Das menschliche Haar wächst in Zyklen – und das, wie Dr. Skorupka betont, bewusst asynchron. „Wäre das anders, würden wir alle zeitweise kahl“, sagt sie. Zwischen 150 und 200 Haare pro Quadratzentimeter bedecken die Kopfhaut, jedes wächst etwa einen Zentimeter pro Monat und lebt zwei bis sechs Jahre. Rund 90 Prozent des sichtbaren Haares bestehen aus totem Horn – was erklärt, warum äußere Einflüsse dem Haar selbst, nicht aber dem Follikel schaden.

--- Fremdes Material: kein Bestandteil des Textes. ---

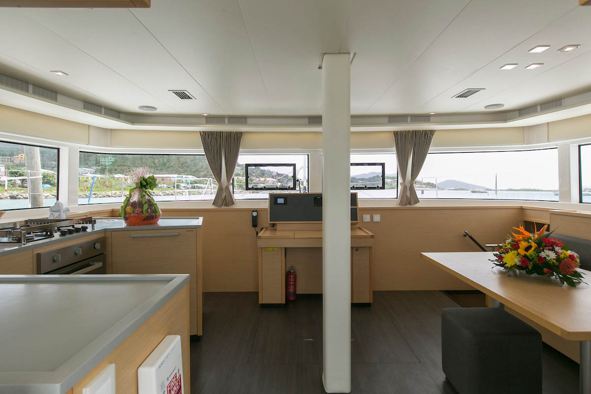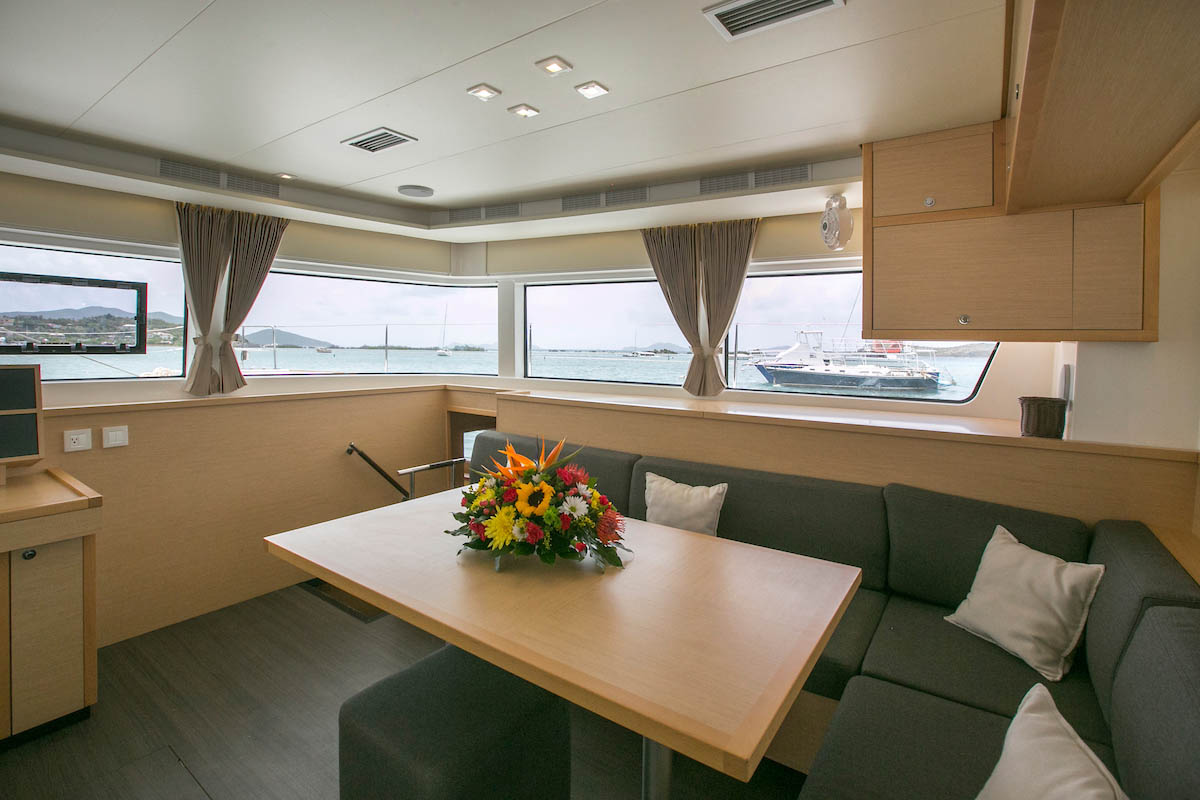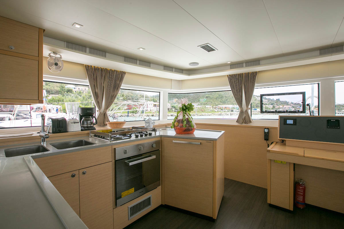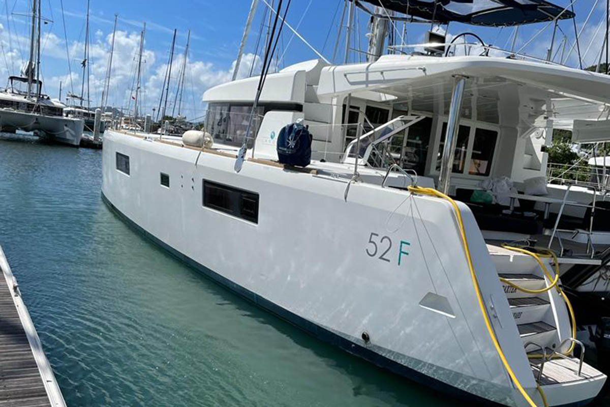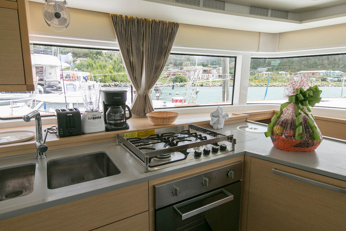 | Outside | Anker mit Kette, Badeleiter, Benzinkanister, Bootshaken, Cockpitdusche, Cockpitpolster, Cockpittisch, Deckbürste, elektr. Ankerwinsch, elektr. Winsch, Fender, Festmacherleinen, Gangway, Grill, Kugelfender, Kunststoff-Eimer (Pütz), Schnorchelausrüstung, Wantenschneider, Wasserschlauch, Windex, Winschen |

Krankhaft wird der Ausfall dann, wenn er das natürliche Maß dauerhaft überschreitet: „Wer über Wochen hinweg täglich mehr als hundert Haare verliert, sollte das ernst nehmen und abklären lassen.“
Wie lässt sich Haarausfall verhindern?
Das hängt entscheidend von der Ursache ab. Bei der häufigsten Form, der androgenetischen Alopezie, ist genetische Veranlagung der Treiber – vollständig verhindern lässt sie sich nicht. Der Mechanismus dahinter ist biochemisch präzise: Testosteron wird zu Dihydrotestosteron (DHT) umgewandelt, das die Haarfollikel hemmt und schließlich verzwergt. „Das Haar wird feiner, kürzer, irgendwann unsichtbar“, sagt Skorupka.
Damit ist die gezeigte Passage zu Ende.